*INFORMATION SHOWN:*
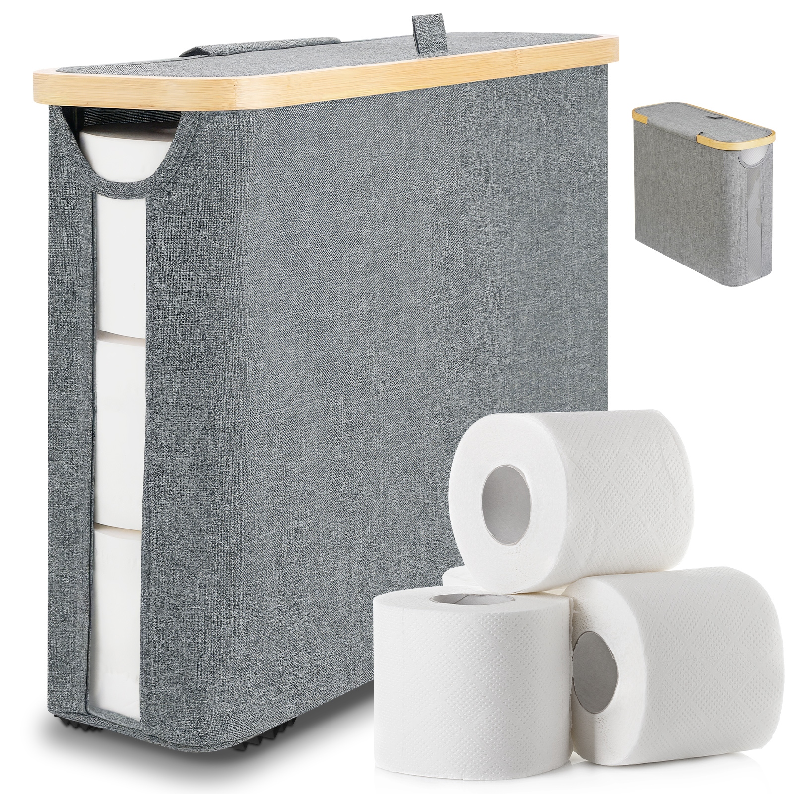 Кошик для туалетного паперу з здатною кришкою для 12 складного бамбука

---

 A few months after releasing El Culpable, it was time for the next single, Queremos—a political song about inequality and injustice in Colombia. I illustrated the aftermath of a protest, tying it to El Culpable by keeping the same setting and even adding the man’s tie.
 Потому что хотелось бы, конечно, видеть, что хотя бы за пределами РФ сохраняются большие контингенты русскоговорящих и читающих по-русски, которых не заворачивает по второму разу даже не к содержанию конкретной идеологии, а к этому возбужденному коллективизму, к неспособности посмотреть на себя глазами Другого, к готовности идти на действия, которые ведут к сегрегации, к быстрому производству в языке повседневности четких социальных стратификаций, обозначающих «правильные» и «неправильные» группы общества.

*YOUR TASK:* The lines above from the one with "A few months" through the one with "Потому что хотелось" are to be duplicated exactly, ends included, with nothing added.

*WRITTEN RESPONSE:*
 A few months after releasing El Culpable, it was time for the next single, Queremos—a political song about inequality and injustice in Colombia. I illustrated the aftermath of a protest, tying it to El Culpable by keeping the same setting and even adding the man’s tie.
 Потому что хотелось бы, конечно, видеть, что хотя бы за пределами РФ сохраняются большие контингенты русскоговорящих и читающих по-русски, которых не заворачивает по второму разу даже не к содержанию конкретной идеологии, а к этому возбужденному коллективизму, к неспособности посмотреть на себя глазами Другого, к готовности идти на действия, которые ведут к сегрегации, к быстрому производству в языке повседневности четких социальных стратификаций, обозначающих «правильные» и «неправильные» группы общества.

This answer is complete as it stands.